- _Work task_
Leaving the pictures aside, transcribe the data below exactly.

━━━ Records supplied

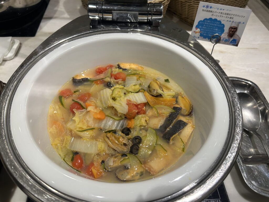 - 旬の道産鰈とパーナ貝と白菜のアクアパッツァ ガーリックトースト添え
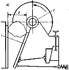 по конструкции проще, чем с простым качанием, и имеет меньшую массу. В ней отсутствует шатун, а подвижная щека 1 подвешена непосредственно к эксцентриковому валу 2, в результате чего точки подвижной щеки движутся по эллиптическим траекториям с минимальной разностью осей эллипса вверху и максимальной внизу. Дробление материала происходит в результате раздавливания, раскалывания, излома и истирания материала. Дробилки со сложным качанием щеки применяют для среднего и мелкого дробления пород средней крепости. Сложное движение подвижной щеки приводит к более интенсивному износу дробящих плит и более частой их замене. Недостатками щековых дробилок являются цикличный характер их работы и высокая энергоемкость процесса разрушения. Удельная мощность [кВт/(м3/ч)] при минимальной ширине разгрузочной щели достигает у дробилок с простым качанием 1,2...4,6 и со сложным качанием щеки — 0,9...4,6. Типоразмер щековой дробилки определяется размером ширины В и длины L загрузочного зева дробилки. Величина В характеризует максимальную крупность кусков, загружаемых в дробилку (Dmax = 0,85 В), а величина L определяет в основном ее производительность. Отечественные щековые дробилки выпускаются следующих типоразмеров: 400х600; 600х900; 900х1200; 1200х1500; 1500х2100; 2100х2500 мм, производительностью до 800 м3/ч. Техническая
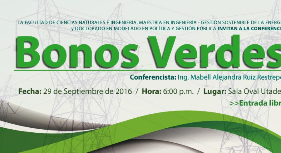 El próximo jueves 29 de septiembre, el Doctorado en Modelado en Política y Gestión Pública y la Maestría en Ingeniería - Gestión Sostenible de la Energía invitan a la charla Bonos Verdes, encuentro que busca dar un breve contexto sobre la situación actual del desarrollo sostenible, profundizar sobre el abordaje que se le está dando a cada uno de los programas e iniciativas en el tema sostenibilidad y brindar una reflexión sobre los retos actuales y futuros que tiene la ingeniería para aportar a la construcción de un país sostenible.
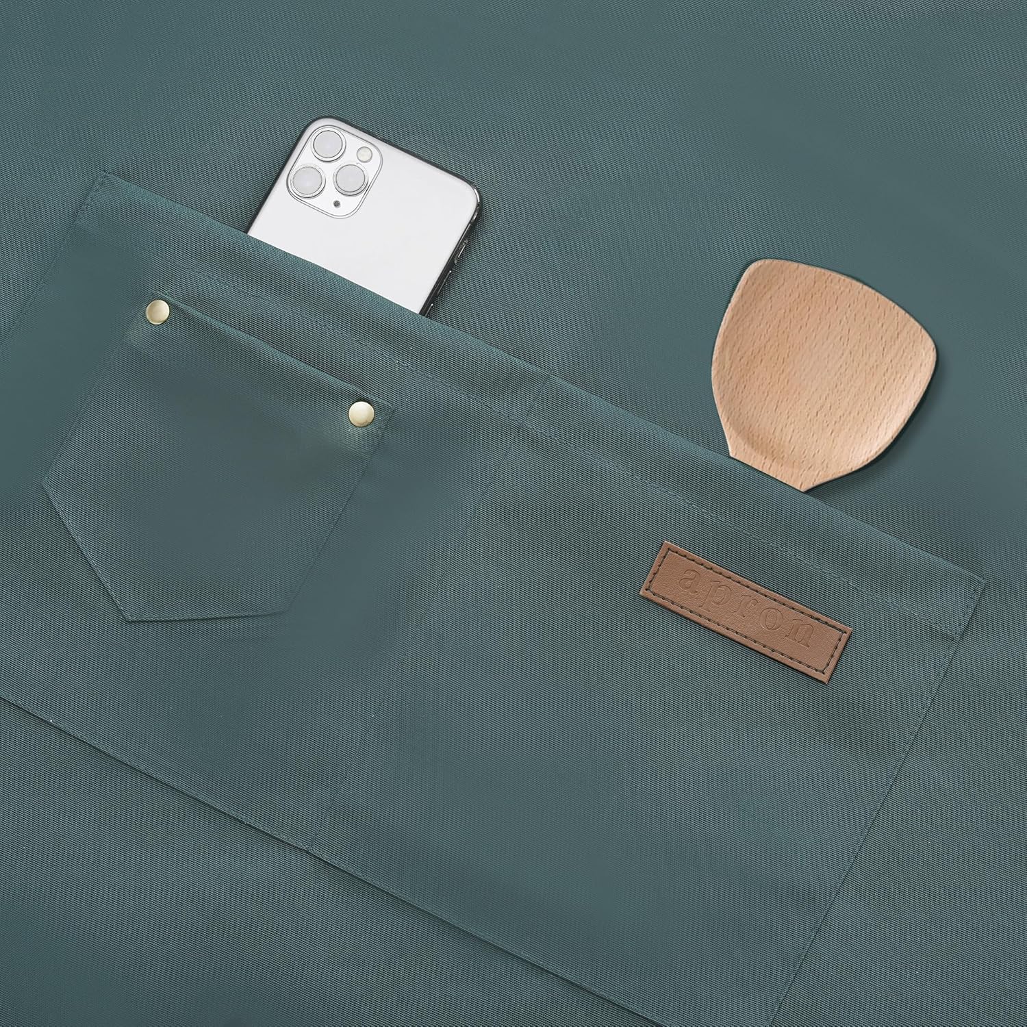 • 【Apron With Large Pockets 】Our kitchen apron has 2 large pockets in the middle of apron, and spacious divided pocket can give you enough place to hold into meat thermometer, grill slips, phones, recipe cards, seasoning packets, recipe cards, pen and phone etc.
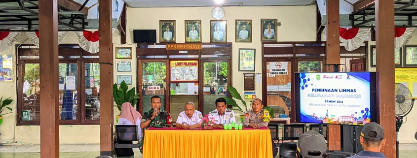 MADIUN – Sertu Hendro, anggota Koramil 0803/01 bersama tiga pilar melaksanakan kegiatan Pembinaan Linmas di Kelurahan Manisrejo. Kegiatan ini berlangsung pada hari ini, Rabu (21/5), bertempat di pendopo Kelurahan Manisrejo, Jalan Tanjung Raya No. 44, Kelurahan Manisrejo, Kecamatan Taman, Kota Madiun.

━━━━━━

- _Answer for the task_
 - 旬の道産鰈とパーナ貝と白菜のアクアパッツァ ガーリックトースト添え
 по конструкции проще, чем с простым качанием, и имеет меньшую массу. В ней отсутствует шатун, а подвижная щека 1 подвешена непосредственно к эксцентриковому валу 2, в результате чего точки подвижной щеки движутся по эллиптическим траекториям с минимальной разностью осей эллипса вверху и максимальной внизу. Дробление материала происходит в результате раздавливания, раскалывания, излома и истирания материала. Дробилки со сложным качанием щеки применяют для среднего и мелкого дробления пород средней крепости. Сложное движение подвижной щеки приводит к более интенсивному износу дробящих плит и более частой их замене. Недостатками щековых дробилок являются цикличный характер их работы и высокая энергоемкость процесса разрушения. Удельная мощность [кВт/(м3/ч)] при минимальной ширине разгрузочной щели достигает у дробилок с простым качанием 1,2...4,6 и со сложным качанием щеки — 0,9...4,6. Типоразмер щековой дробилки определяется размером ширины В и длины L загрузочного зева дробилки. Величина В характеризует максимальную крупность кусков, загружаемых в дробилку (Dmax = 0,85 В), а величина L определяет в основном ее производительность. Отечественные щековые дробилки выпускаются следующих типоразмеров: 400х600; 600х900; 900х1200; 1200х1500; 1500х2100; 2100х2500 мм, производительностью до 800 м3/ч. Техническая
 El próximo jueves 29 de septiembre, el Doctorado en Modelado en Política y Gestión Pública y la Maestría en Ingeniería - Gestión Sostenible de la Energía invitan a la charla Bonos Verdes, encuentro que busca dar un breve contexto sobre la situación actual del desarrollo sostenible, profundizar sobre el abordaje que se le está dando a cada uno de los programas e iniciativas en el tema sostenibilidad y brindar una reflexión sobre los retos actuales y futuros que tiene la ingeniería para aportar a la construcción de un país sostenible.
 • 【Apron With Large Pockets 】Our kitchen apron has 2 large pockets in the middle of apron, and spacious divided pocket can give you enough place to hold into meat thermometer, grill slips, phones, recipe cards, seasoning packets, recipe cards, pen and phone etc.
 MADIUN – Sertu Hendro, anggota Koramil 0803/01 bersama tiga pilar melaksanakan kegiatan Pembinaan Linmas di Kelurahan Manisrejo. Kegiatan ini berlangsung pada hari ini, Rabu (21/5), bertempat di pendopo Kelurahan Manisrejo, Jalan Tanjung Raya No. 44, Kelurahan Manisrejo, Kecamatan Taman, Kota Madiun.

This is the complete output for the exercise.